The Oakleigh Motel on the Princes Highway, Victoria.Credit: National Archives of Australia

When the world's first motel opened in California in 1925, five or so years after the end of the Spanish Flu pandemic, little could its designers and builders know that they had laid the foundations of the perfect model for a pathogen-free holiday nearly a century later.

Suddenly, in the era of the coronavirus, this form of back-to-basics accommodation with its abundance of anonymity (typified by the ingenious breakfast hatch, through which meals magically appear) offers renewed appeal.

Indeed, for Tim Ross, comedian, design aficionado and author of the book Motel: Images of Australia on Holidays, there's the realisation that with domestic travel restrictions set to ease, with NSW leading the way, motels offer a return to simplicity and affordability in uncertain times.

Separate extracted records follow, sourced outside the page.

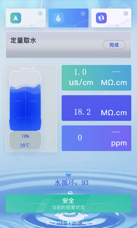 智能化、自動化,設置定時(定量)取水,無需人工看管;RO膜自動沖洗,UP自動循環,確保水質安全,延長耗材壽命;耗材到期自動提醒;多級密碼菜單,可選配物聯網模塊。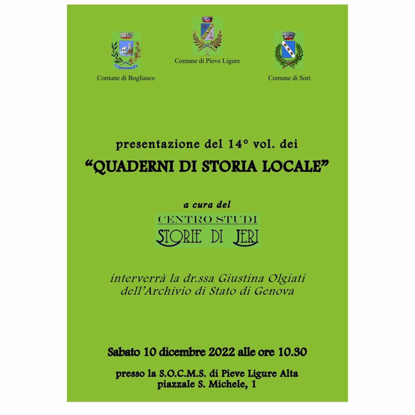 Presentazione del XIV Volume dei "QUADERNI DI STORIA LOCALE"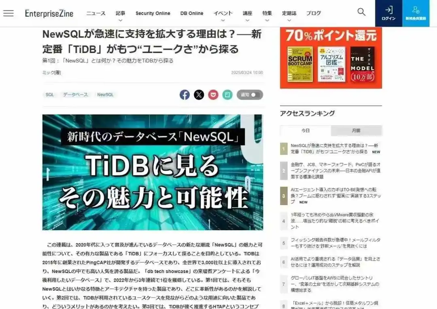 EnterpriseZine 是日本知名的技术媒体平台,专注于企业级 IT 解决方案、数字化转型及创新技术的前沿报道。其读者群体以技术决策者、开发者和企业管理者为主,内容涵盖云计算、大数据、人工智能等核心领域,被誉为日本企业技术选型的“智库”。此次 EnterpriseZine 罕见地以 “新定番”(New Standard)为关键词,开启对 TiDB 的系列连载,标志着中国原生技术产品首次被日本主流技术媒体视为行业标杆,这一动向引发了广泛关注。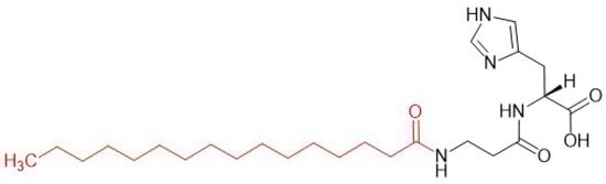 Carnosine (-) is a dipeptide which is also used as a food supplement. Its wound healing activity is a feature making it a cosmetic, especially for eye cream, because stratum corneum around the eyes is the thinnest []. It has been bound with palmitic acid into palmitoyl-carnosine in order to enhance permeation through stratum corneum so that the compound can be effectively used on the whole face (Figure 1).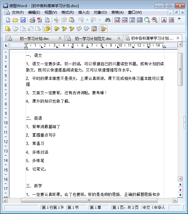 初一是初中的开始,有人说它是人生的第一个转折点——不管你人不认同,总之,它在初中阶段的学习中扮演着非常重要的角色。那么如何在初一阶段为整个初中的学习打下良好的基础呢?如果你还不是很确定的话,那么不妨来看看这份doc格式word版初一学习计划范文合集吧!相信你会从中获得启发的哦!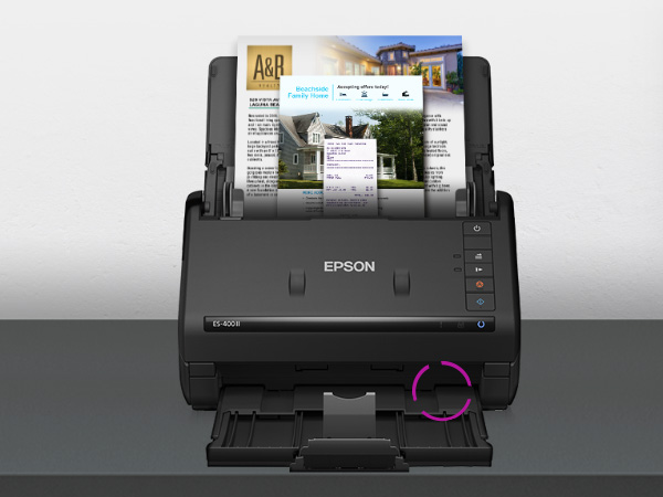 Organize swiftly with the WorkForce ES-400 II 2-sided desktop scanner. This efficient, user-friendly device scans up to 35 pages per minute, Based on letter-sized scans at 300 dpi in Black-and-White, Grayscale or Color Mode., capturing both sides at once. Its 50-sheet Auto Document Feeder handles various document sizes with ease. With Epson ScanSmart Software you can preview, email, and upload scans effortlessly. The included TWAIN driver ensures compatibility with most document management software. Scan directly to cloud storage or searchable PDFs. Adjust colors and images easily with features like auto crop, blank page skip, background removal, dirt detection and paper-skew correction, ensuring excellent scan quality every time.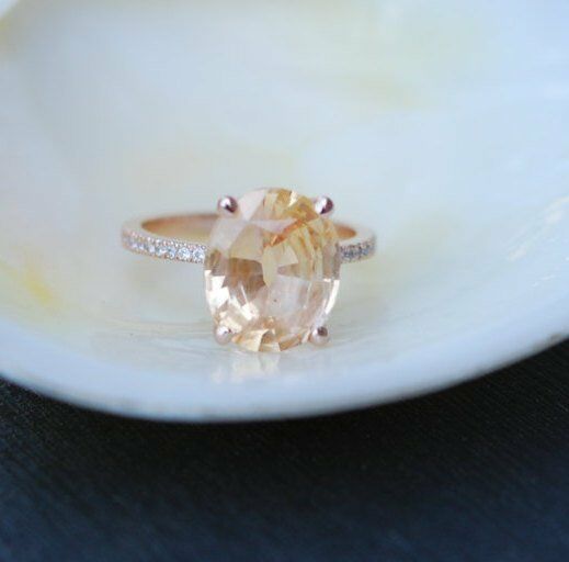 2ct Oval Cut Peach Morganite Diamond Accent Engagement Ring 18k Rose Gold Finish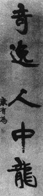 【赏析】: 康有爲虽说在政治变革上的作爲未能尽如人意,甚至可以说是一名失败者,但是他在书法变革中的贡献却是举世公认,无需置疑的是一名成功者。书法发展到淸代,出现了一个令人振奋的复兴时期,在这个时期中书坛呈现了一派百花争艳的景象,而康有爲则是其中开放得最晚,也最爲夺目的一朶奇葩。 这件属于康氏晚年作品的五言联,便足以代表他的典型风格,从中我们旣可以看到那“开张”的体势,也可以体味到那“奇逸”的气格。整幅作品显得十分大方洒脱,似不经意却又绝不乖张,不爲前人法度所囿却又绝不是毫无根底和主旨的信手涂抹。在这裏面我们不难见到《石门铭》的遒媚,《泰山金刚经》的圆劲,这件作品的结字虽无太明显的个性,但用笔却非常耐人寻味,他强调线条书写得自然舒展,依势成形,特别是点画间的引带,淸楚地向我们提示了连属关係形成的用笔要求,与此同时还尽可能的减少用笔动作,用一种随意而略带生涩的笔势来促成其隽雅而雄健的气势。使人感到有一种飘然欲仙的境界,但是,若从整体章法来看,则:“开张”二字的错位稍觉生硬,“奇逸”二字的组接又略感紧密,于是不免有一些上下不贯通之嫌。这也可以说是有一点美中不足吧。 |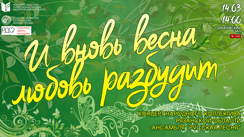 14 марта в клубе «ОЛИМП» состоится концерт Народного любительского художественного коллектива Рязанской области ансамбля «Русская песня» Дворца молодежи г. Рязани. Руководитель ансамбля – лауреат премии Рязанской области «За вклад в развитие и сохранение традиционной народной культуры Рязанской области» Татьяна Викторовна Асауленко.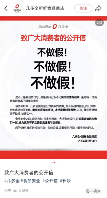 近日,某鲜食零食品牌被曝食品安全问题,引起网友热议。在此背景下,鲜食零售品牌“几多全”于1月14日通过社交平台发布《致广大消费者的公开信》,郑重承诺“不做假”,并表示食品安全是企业“不可挑战的生存底线”,呼吁消费者共同监督。
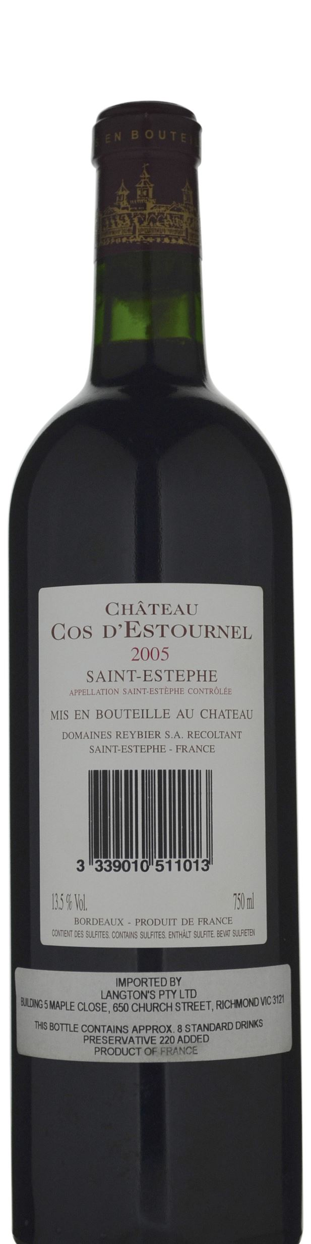 The 2005 Cos d'Estournel is blended of 78% Cabernet Sauvignon, 19% Merlot and 3% Cabernet Franc. Deep garnet colored, it is still a little closed and youthfully shy. With coaxing, the nose is just beginning to offer glimpses at vivacious kirsch, red roses, violets, licorice and mocha scents over a crème de cassis, blackberry pie and chocolate-covered cherry core with wafts of chargrill, mossy bark and truffles. Full-bodied, concentrated and wonderfully complex in the mouth, the palate is just beginning to reveal the true potential of this wine, with tightly wound layers of perfumed black fruits and earthy notions bound by a rock-solid frame of firm, grainy tannins and finishing with epic persistence. This still needs 5-6 years, but I love how this beauty is shaping up!!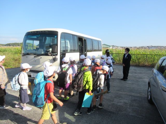 秋晴れの中、津市内の施設の見学に出発しました。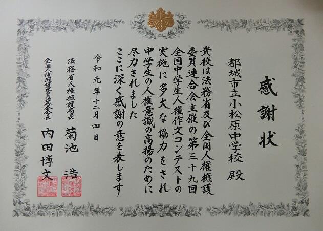 これは、本校の「全国中学生人権作文コンテスト」への取組を評価して頂いたものです。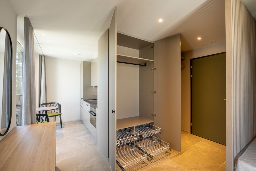 Ja, in jedem Studio finden Sie alles, was Sie zum Wohnen brauchen: Bad mit Dusche, WM/Tumbler und Lavabo; ein 160er-Bett inklusive Matratze mit integrierter Schublade für zusätzlichen Stauraum und Lamellen-Trennelement für Privacy, ein Lounge-Bereich mit Sessel, Sitzbank und Tisch; ein Esstisch mit Stühlen; eine Forster Metallküche mit Kochfeld sowie Backofen/Mikrowelle; Einbauschrank und Regale.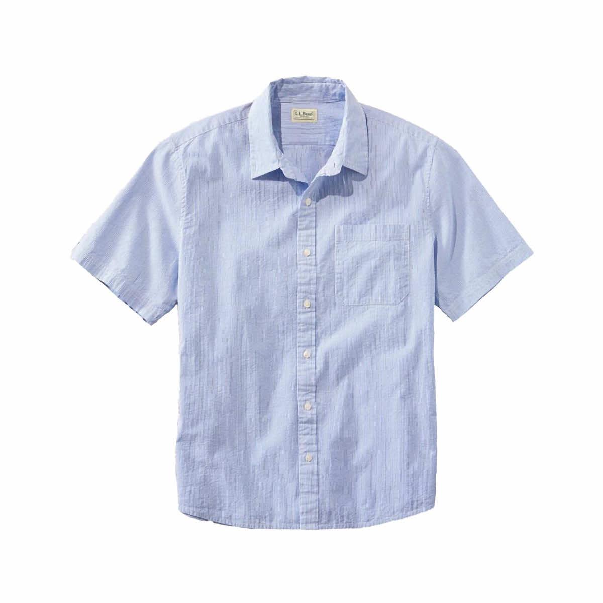 Take your summer style to a new level with the Men's Organic Seersucker Short Sleeve Shirt from L.L.Bean. Made from 100% organic cotton, this seersucker shirt is naturally cooling, breathable, and crafted to circulate the breeze. It is slightly fitted to give you a relaxed feel through the chest and sleeve with a slimmer waist. The hemline looks great tucked or untucked to fit the occasion at hand. Transition from the office to the tavern in no time when you button up the Organic Seersucker Short Sleeve Shirt.

A motel in Alice Springs, 1970.

A motel in Alice Springs, 1970.Credit: National Archives of Australia

"The idea that you can drive straight up to your room with the key already in the door (since you'd already booked and paid for it online) with no lift buttons to touch and no buffet breakfast means that the motel should make a comeback from a safety point of view alone," he says.

Trent Fraser, the chief executive of the US-based Choice Hotels, which in 2002 took over the Australian Flag Inns brand, agrees that motel and motor-inn style accommodation is well placed to benefit from the anticipated increase in Australians taking self-drive holidays as they likely eschew air travel.

"Travellers on these types of trips are looking for an affordable, clean, comfortable and convenient stop along their route," Mr Fraser said, "or just somewhere to base themselves while they explore the local region."

"The motel should make a comeback from a safety point of view alone," says comedian Tim Ross.

"The motel should make a comeback from a safety point of view alone," says comedian Tim Ross.Credit: Dominic Lorrimer

Crucially in 2020, motels and motor-inns, which first began to appear in Australia in the 1950s and now employ nearly 20,000 people across 2220 establishments, are ideally designed for social distancing, allowing guests to park their vehicles outside their room with direct access to their room with minimal "communal touch points".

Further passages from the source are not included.